DATA SEGMENT.
---+---
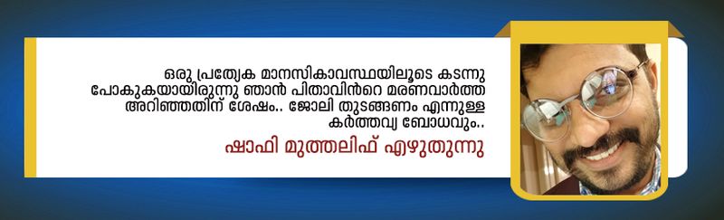 ജോലിയുടെ ആദ്യത്തെ ദിനം തന്നെ അദ്ദേഹം ചോദിച്ചു,‘ഷാഫി, നിന്റെ അച്ഛൻ മരിച്ചതായി അറിഞ്ഞു, നിനക്ക് നാട്ടിൽ പോകണമോ?' ഞാൻ പറഞ്ഞു, "വേണ്ട, ചടങ്ങും കാര്യങ്ങളും ഒക്കെ കഴിഞ്ഞു." പക്ഷേ, എനിക്ക് അപ്പോഴും അറിയാമായിരുന്നില്ല, എനിക്ക് പോകാൻ കഴിയുമോ? ഇനി വരുമ്പോൾ ജോലി പോകുമോ എന്നെല്ലാം. ഇതൊക്കെ ശരിയായി ചോദിക്കാവുന്ന ആരും തന്നെ ഉണ്ടായിരുന്നില്ല.
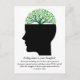 Customisable clinical psychology marketing postcards with a modern design featuring the human mind with a beautiful green tree of leaves to represent psychological growth in the brain. Custom made counseling office postcard for a therapist, psychologist, neurologist, psychiatrist, or counsellor that helps with mindset and thinking. A life coach could also personalise these postcards.
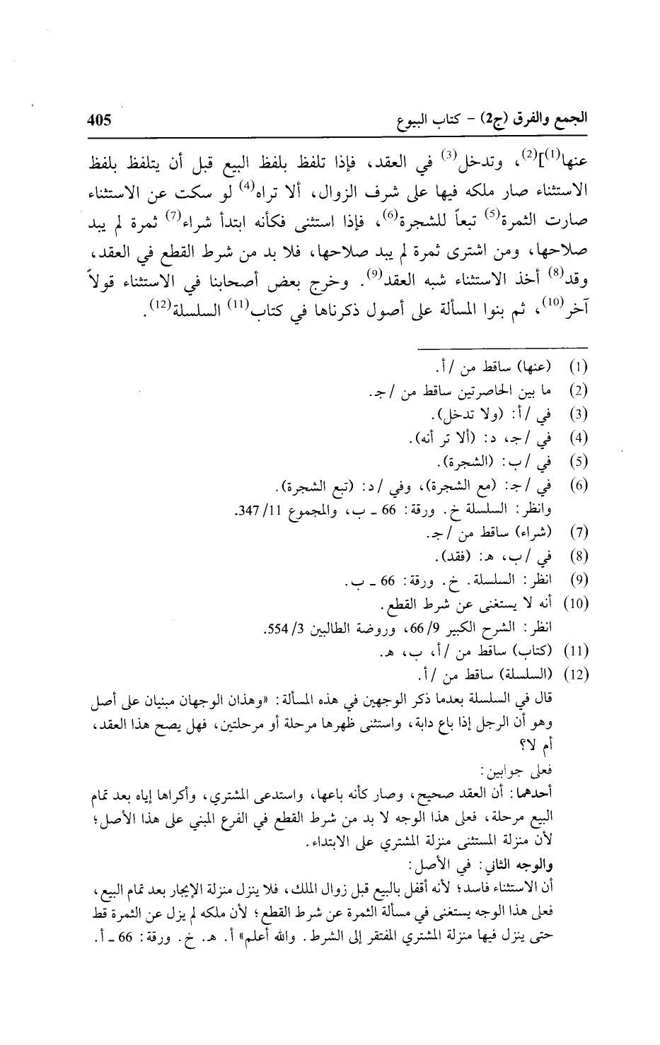 عنها]، وتدخل في العقد، فإذا تلفظ بلفظ البيع قبل أن يتلفظ بلفظ الاستثناء صار ملكه فيها على شرف الزوال، ألا تراه لو سكت عن الاستثناء صارت الثمرة تبعًا للشجرة، فإذا استثنى فكأنه ابتدأ شراء ثمرة لم يبد صلاحها، ومن اشترى ثمرة لم يبد صلاحها، فلابد من شرط القطع في العقد، وقد أخذ الاستثناء شبه العقد. وخرج بعض أصحابنا في الاستثناء قولًا آخر، ثم بنوا المسألة على أصول ذكرناها في كتاب السلسلة.
---+---
When you write out the material, reproduce each line exactly and omit any picture it holds.

 ജോലിയുടെ ആദ്യത്തെ ദിനം തന്നെ അദ്ദേഹം ചോദിച്ചു,‘ഷാഫി, നിന്റെ അച്ഛൻ മരിച്ചതായി അറിഞ്ഞു, നിനക്ക് നാട്ടിൽ പോകണമോ?' ഞാൻ പറഞ്ഞു, "വേണ്ട, ചടങ്ങും കാര്യങ്ങളും ഒക്കെ കഴിഞ്ഞു." പക്ഷേ, എനിക്ക് അപ്പോഴും അറിയാമായിരുന്നില്ല, എനിക്ക് പോകാൻ കഴിയുമോ? ഇനി വരുമ്പോൾ ജോലി പോകുമോ എന്നെല്ലാം. ഇതൊക്കെ ശരിയായി ചോദിക്കാവുന്ന ആരും തന്നെ ഉണ്ടായിരുന്നില്ല.
 Customisable clinical psychology marketing postcards with a modern design featuring the human mind with a beautiful green tree of leaves to represent psychological growth in the brain. Custom made counseling office postcard for a therapist, psychologist, neurologist, psychiatrist, or counsellor that helps with mindset and thinking. A life coach could also personalise these postcards.
 عنها]، وتدخل في العقد، فإذا تلفظ بلفظ البيع قبل أن يتلفظ بلفظ الاستثناء صار ملكه فيها على شرف الزوال، ألا تراه لو سكت عن الاستثناء صارت الثمرة تبعًا للشجرة، فإذا استثنى فكأنه ابتدأ شراء ثمرة لم يبد صلاحها، ومن اشترى ثمرة لم يبد صلاحها، فلابد من شرط القطع في العقد، وقد أخذ الاستثناء شبه العقد. وخرج بعض أصحابنا في الاستثناء قولًا آخر، ثم بنوا المسألة على أصول ذكرناها في كتاب السلسلة.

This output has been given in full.